- SOURCE MATERIAL
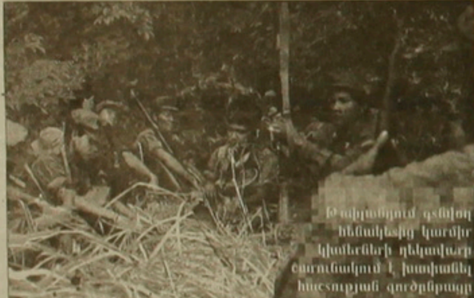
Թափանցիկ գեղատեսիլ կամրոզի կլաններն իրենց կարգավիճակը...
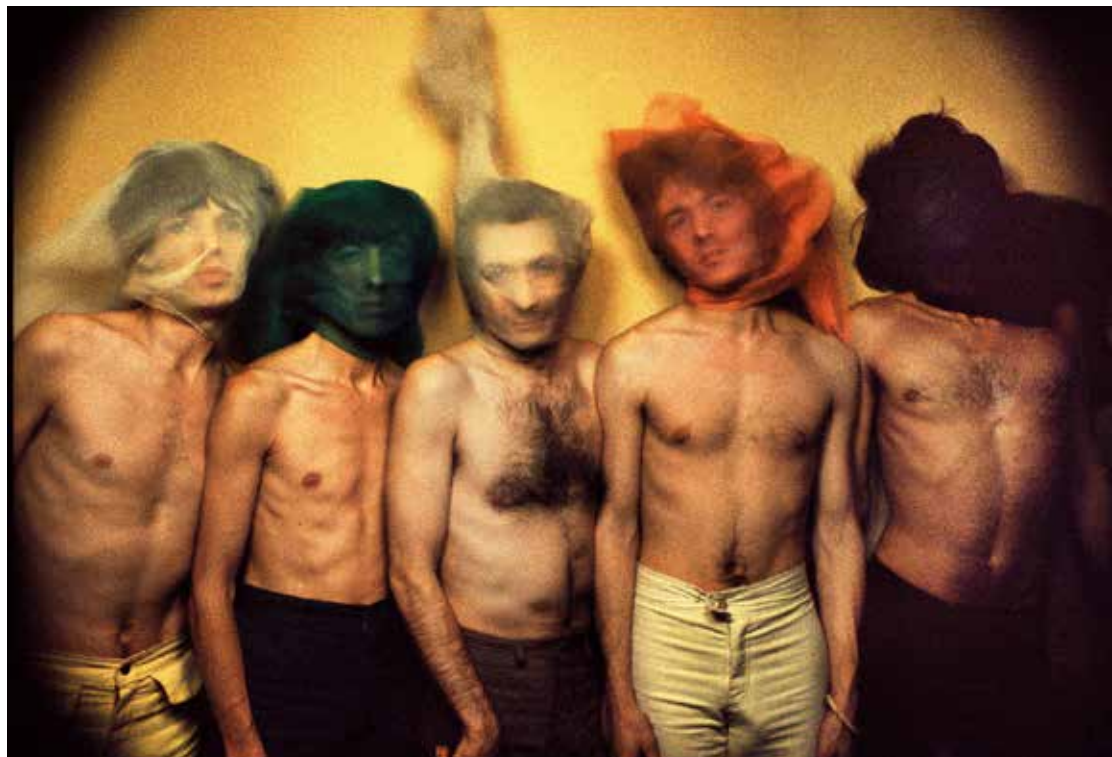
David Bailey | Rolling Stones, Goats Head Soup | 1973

...

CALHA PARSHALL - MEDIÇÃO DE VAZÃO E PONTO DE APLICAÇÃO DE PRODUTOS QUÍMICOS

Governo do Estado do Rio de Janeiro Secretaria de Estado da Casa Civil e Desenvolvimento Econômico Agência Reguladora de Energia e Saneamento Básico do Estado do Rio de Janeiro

- ACTION ITEM
With the pictures omitted, restate word for word the lines above from the line that has "Թափանցիկ գեղատեսիլ կամրոզի" up to and including the line that has "David Bailey |", and no other lines.

- PROBLEM SOLUTION
Թափանցիկ գեղատեսիլ կամրոզի կլաններն իրենց կարգավիճակը...
David Bailey | Rolling Stones, Goats Head Soup | 1973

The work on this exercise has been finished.